Google-Extended: Google's AI training crawler. Shares infrastructure with Googlebot but appears as a distinct token in some log configurations. Controlled via robots.txt Google-Extended directive.
Bingbot (Copilot): Microsoft Copilot uses Bingbot for crawling. User-agent: Mozilla/5.0 (compatible; bingbot/2.0; +http://www.bing.com/bingbot.htm).
Amazonbot: Mozilla/5.0 (Linux; x86_64) AppleWebKit/537.36 (KHTML, like Gecko) Version/96 Chrome/96 Safari/537.36 Amazonbot/0.1. Amazon's crawler feeding Rufus and related AI commerce features.

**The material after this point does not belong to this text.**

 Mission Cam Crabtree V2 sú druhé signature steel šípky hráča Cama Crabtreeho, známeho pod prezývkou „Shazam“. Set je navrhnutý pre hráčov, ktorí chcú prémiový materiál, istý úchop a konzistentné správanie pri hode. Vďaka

Crawler vs user-action distinction

GPTBot visits to index your site; ChatGPT-User visits because a specific user asked a question that led ChatGPT to fetch your URL. The distinction matters for two reasons. First, user-action traffic is proportional to your citation rate in real conversations — high ChatGPT-User traffic is a strong signal that your content is being used in answers. Second, user-action traffic should not be rate-limited by your bot rules even if you restrict indexing crawlers (though in practice you want both). PerplexityBot and Perplexity-User have the same split; OpenAI has three distinct agents covering indexing, search, and user actions.

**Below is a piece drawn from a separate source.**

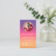 Eine elegante und stilvolle Retro-Visitenkarte für Fotografen, die perfekt für einen unvergesslichen Eindruck ist. Diese Karte zeichnet sich durch ein gewagtes und modernes Design aus, mit einem farbenfrohen Hintergrund, der von einem lebhaften lila zum warmen orangefarbenen Sonnenuntergang übergeht. Das elegante, fließende Drehbuch für "Fotograf" fügt eine persönliche Touch hinzu, während die Kontaktdetails und die Handles der sozialen Medien in sauberen, modernen Schriftart klar dargestellt sind. Eine runde Fotovorlage oben. Auf der Rückseite können Sie Ihre Foto Arbeit hinzufügen, indem Sie eine berufliche Touch. Ein QR-Code wird hervorgehoben angezeigt, um den Zugriff auf Terminplanung, Portfolio und Preisliste zu erleichtern. Diese Visitenkarte ist ideal für Hochzeitsfotografen und Modefotografen, die einen bleibenden Eindruck verlassen suchen.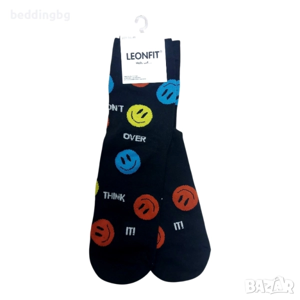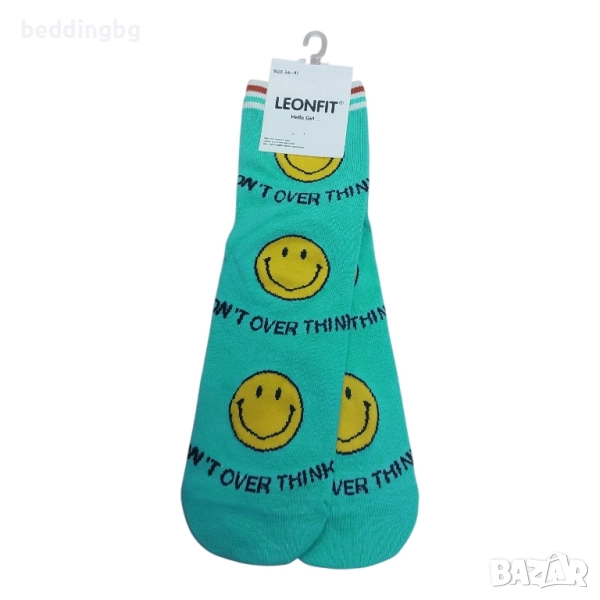 Чорапи с усмивки и надпис "don't overthink": два от чифтовете са с шарка на усмихнати лица и надпис "don't overthink". Единият е в тюркоазен цвят с жълти усмивки, а другият - в черен цвят с усмивки в различни цветове.

How to get at the logs when you run Shopify

Three paths: Cloudflare Analytics (if you use Cloudflare), Shopify's built-in bot analytics (limited), or JavaScript-based server-side detection on custom app-proxy routes.

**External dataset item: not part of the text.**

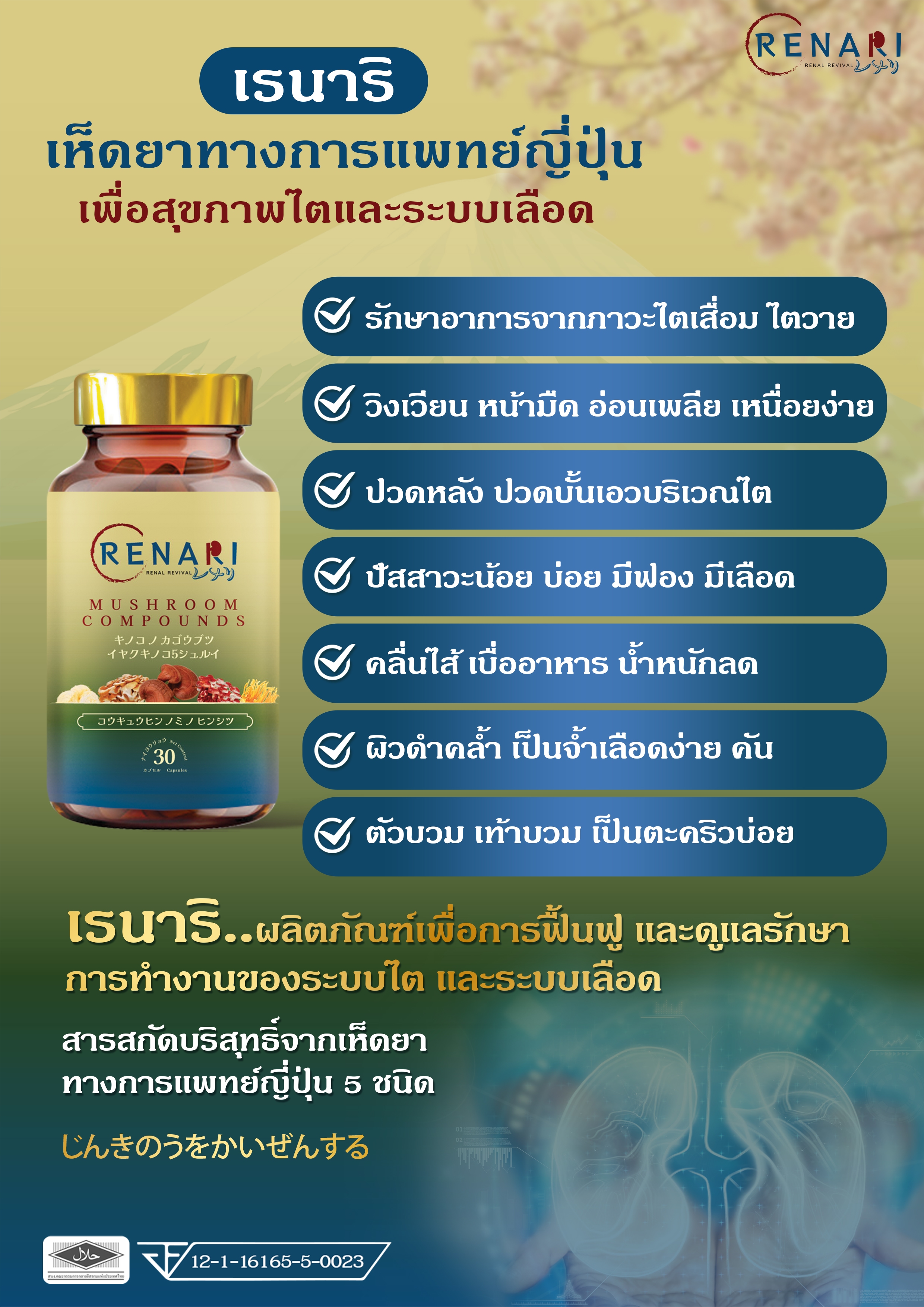 Renari เรนาริ เห็ดยาทางการแพทย์ ญี่ปุ่น 5 ชนิด ผลิตภัณฑ์เพื่อการฟื้นฟู และดูแลรักษาระบบไต และระบบเลือด

Shopify does not give merchants raw server log access — you cannot download the access.log for your store. This is a platform design decision and it is not going to change. Three workable alternatives exist, each with different tradeoffs.

1Cloudflare logs. If your Shopify store is served through a custom domain with Cloudflare in front, Cloudflare Analytics provides bot traffic breakdowns including per-user-agent data. Cloudflare Enterprise plans also offer raw log export. This is the cleanest path for stores already on Cloudflare.
2Shopify's built-in bot analytics. In Shopify admin, the Analytics reports show some bot traffic breakdowns — coverage is partial and does not expose raw logs, but it is better than nothing. Look for the sessions and traffic source reports.
3JavaScript-based server-side detection. Most AI crawlers do not execute JavaScript, so JS-based crawler detection misses them. The workaround is to use a small app proxy or a custom Shopify app that logs user-agent data for specific routes, then aggregate in your own analytics store.

What to expect from Cloudflare's bot analytics

Per-user-agent request counts: GPTBot, ClaudeBot, PerplexityBot, etc. aggregated by day. Useful for tracking frequency and catching sudden changes.
Top-visited URLs by bot: Which of your pages each AI crawler prefers. The most valuable single view — it tells you what AI engines actually index.
Response code distribution: Whether you are returning 200s or 404s to the crawlers. Broken redirects and missing pages surface here.
Bot blocking events: Whether your firewall rules are inadvertently challenging or blocking AI crawlers. Common misconfiguration finding.

Five questions worth answering from AI crawler log data

Who visits, what they visit, how often, what errors they hit, and whether visit frequency matches citation rate. Answers to these diagnose most GEO problems.

Once you have log access, the productive work is answering specific questions. Most merchants default to looking at aggregate bot traffic without knowing what they are looking for, which produces noise. The five questions below are what we actually use to diagnose AI-visibility issues on client stores — each one maps to a specific, fixable cause.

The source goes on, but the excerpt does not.